I am planning to submit the following evidence with my new application which is scheduled for 28.09.2015:
1. Cover letter explaining why we are not registered at the same address, explaining each enclosed evidence, with a request to give consideration to the fact that my spouse is unwilling to travel to the UK without me, although he already got a visa, which negatively impacts his work. I also state that we are willing to be interviewed to confirm our relationship.
2. Our marriage certificate (we had to travel to Denmark to get married as we can't do it in our country, so no guests, no photos).
3. My bank statement with transaction covering a 90-period showing that I have sufficient funds to support myself.
4. Photocopies of my spouse's passport (I did not certify the copy, should I?)
5. Documents relating to our shared travel history, 5 trips in all, starting from 2012: visa copies with entry/exit stamps showing same dates, bookings of hotels and plane tickets, bus tickets, insurance paid by my spouse for both of us. Most bookings show both our names, although two show only my spouse's name but with a reservation for two people. I also only have visa copies for 3 of the trips, the other 2 were in my old passport and lost now.
6. Photos from our trips. We only have two pairs of photos though, both from the 2012 trip, and we are not together in the photo - we just took photos of each other in the same place. It's clear in the photo that it's the same place and time though. 
7. A sample of screenshots of our chats from Skype and Viber, 9 from different periods. I also supplied translations of them, I know it's not necessary but it's clear from the samples I selected that we live together and seeing as we don't have other clear evidence of that...
8. A reference from my spouse's place of work, showing that he works in the same city as the residence address I supplied, intended to further prove that we do not in fact live in different cities.
9. Call history: some screenshots from my phone from different periods showing calls to him, as well as full phone history over the last year (4 pages) exported from my phone, showing that I mostly call him and my parents.
10. My TB test

That's all the "evidence of subsisting relationship" I could think of. What are our chances? What else I can do?

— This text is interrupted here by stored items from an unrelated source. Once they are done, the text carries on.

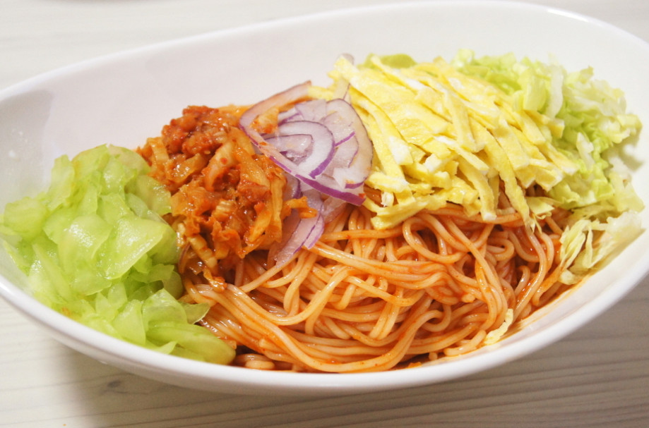 취향에 따라 양파나 대파를 썰어 넣거나 계란 지단 등의 고명을 올리면 더욱 맛있는 비빔국수가 완성됩니다.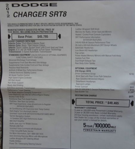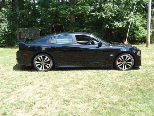 2012 Dodge Charger SRT8, This car is like new, never driven in the winter always kept in a storage facility. Black with red leather heated and cooled seats. Car is fully loaded just look at the window sticker. It has a couple minor scratches on the hood that could be buffed out but I will leave that up to the new owner. One owner non-smoking adult car never abused the car will speak for itself. The car has 7539 on the clock now mostly highway and might have a little more on it over the weekend. If this is the car you are looking for look no further, The Black and red interior makes this a very rare car. Please contact me with any questions. NADA lists the car at 43225.00 retail. Car has always been dealer serviced all record available. Thanks for looking!
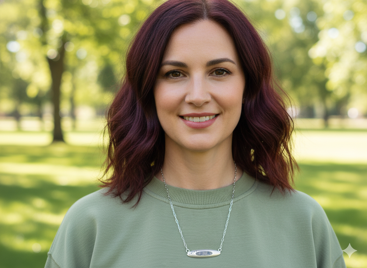 Faith Limestone inlay oval pendant

Any advice would be appreciated, I'm really worried to get a refusal again. Please help!


----------



## AmyD (Jan 12, 2013)

I don't see how you can possibly get a visa since you don't, in fact, live together. If you can't prove that, you can not get a visa. Maybe someone else knows more about the requirements and can think of a way to help but I just do not see it. Good luck to you.


----------



## Ordev (Sep 24, 2015)

Thanks for your reply AmyD, but, as I stated in my original post, we DO in fact live together, we just can't provide official proof of that largely because the laws of our country do not recognize our marriage. And living together prior to the application is actually not a hard requirement for this type of visa, as far as I can see. Our refusal grounds were *319C(d)(e)*:
*(d) The marriage or civil partnership, or relationship similar to marriage or civil
partnership, must be subsisting at the time the application is made.
(e) The applicant and the Relevant Points Based System Migrant must intend to live with
the other as their spouse or civil partner, unmarried or same-sex partner throughout the
applicants stay in the UK.*

So, I'm asking whether the additional evidence I'm planning to provide should be enough to convince the officer of these two points and what else I can do for my case.


----------



## ashkevron (May 1, 2012)

From reading a bit about it, it seems to be common practice in some countries which require citizens to have IDs with their address on the IDs - the citizens actually don't bother to change the address on their ID every time they change where they live as it's too much hassle/costs too much etc. As a result of that, spouses end up appearing as living at different addresses when in fact they live at the same address. Additionally, I remember someone from Macedonia struggling with utility bills at the same address because utilities often remain in the landlord's address even though the tenants pay the bills. So it's a nightmare to prove people actually live together.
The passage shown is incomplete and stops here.